Oblak Ethan F, Lewis-Peacock Jarrod A, Sulzer James S
Department of Mechanical Engineering, The University of Texas at Austin, Austin, Texas, USA.
Department of Psychology, The University of Texas at Austin, Austin, Texas, USA.
PLoS Comput Biol. 2017 Jul 28;13(7):e1005681. doi: 10.1371/journal.pcbi.1005681. eCollection 2017 Jul.
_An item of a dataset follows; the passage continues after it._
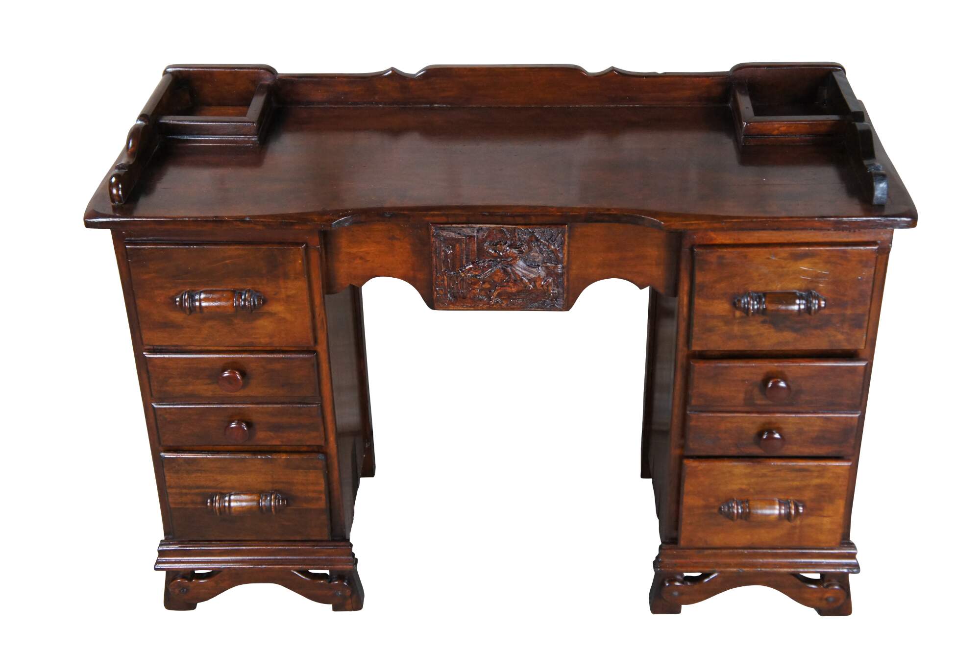 Vintage kneehole library / vanity / writing desk. Made of mahogany featuring traditional styling with upper gallery encasing two cubbies or ink compartments over multiple drawers and carved colonial scene with man on horseback riding past a farmhouse.

Direct manipulation of brain activity can be used to investigate causal brain-behavior relationships. Current noninvasive neural stimulation techniques are too coarse to manipulate behaviors that correlate with fine-grained spatial patterns recorded by fMRI. However, these activity patterns can be manipulated by having people learn to self-regulate their own recorded neural activity. This technique, known as fMRI neurofeedback, faces challenges as many participants are unable to self-regulate. The causes of this non-responder effect are not well understood due to the cost and complexity of such investigation in the MRI scanner. Here, we investigated the temporal dynamics of the hemodynamic response measured by fMRI as a potential cause of the non-responder effect. Learning to self-regulate the hemodynamic response involves a difficult temporal credit-assignment problem because this signal is both delayed and blurred over time. Two factors critical to this problem are the prescribed self-regulation strategy (cognitive or automatic) and feedback timing (continuous or intermittent). Here, we sought to evaluate how these factors interact with the temporal dynamics of fMRI without using the MRI scanner. We first examined the role of cognitive strategies by having participants learn to regulate a simulated neurofeedback signal using a unidimensional strategy: pressing one of two buttons to rotate a visual grating that stimulates a model of visual cortex. Under these conditions, continuous feedback led to faster regulation compared to intermittent feedback. Yet, since many neurofeedback studies prescribe implicit self-regulation strategies, we created a computational model of automatic reward-based learning to examine whether this result held true for automatic processing. When feedback was delayed and blurred based on the hemodynamics of fMRI, this model learned more reliably from intermittent feedback compared to continuous feedback. These results suggest that different self-regulation mechanisms prefer different feedback timings, and that these factors can be effectively explored and optimized via simulation prior to deployment in the MRI scanner.
直接操纵大脑活动可用于研究大脑与行为之间的因果关系。当前的非侵入性神经刺激技术过于粗糙,无法操纵与功能磁共振成像(fMRI)记录的精细空间模式相关的行为。然而,通过让人们学习自我调节自己记录的神经活动,可以操纵这些活动模式。这种技术被称为fMRI神经反馈,面临着挑战,因为许多参与者无法进行自我调节。由于在MRI扫描仪中进行此类研究的成本和复杂性,这种无反应效应的原因尚未得到很好的理解。在这里,我们研究了fMRI测量的血液动力学反应的时间动态,将其作为无反应效应的潜在原因。学习自我调节血液动力学反应涉及一个困难的时间信用分配问题,因为这个信号在时间上既延迟又模糊。这个问题的两个关键因素是规定的自我调节策略(认知或自动)和反馈时间(连续或间歇)。在这里,我们试图在不使用MRI扫描仪的情况下评估这些因素如何与fMRI的时间动态相互作用。我们首先通过让参与者使用一维策略学习调节模拟神经反馈信号来研究认知策略的作用:按下两个按钮之一以旋转刺激视觉皮层模型的视觉光栅。在这些条件下,与间歇反馈相比,连续反馈导致更快的调节。然而,由于许多神经反馈研究规定了隐式自我调节策略,我们创建了一个基于自动奖励学习的计算模型,以检查这个结果对于自动处理是否成立。当基于fMRI的血液动力学延迟和模糊反馈时,与连续反馈相比,这个模型从间歇反馈中学习得更可靠。这些结果表明,不同的自我调节机制偏好不同的反馈时间,并且在部署到MRI扫描仪之前,可以通过模拟有效地探索和优化这些因素。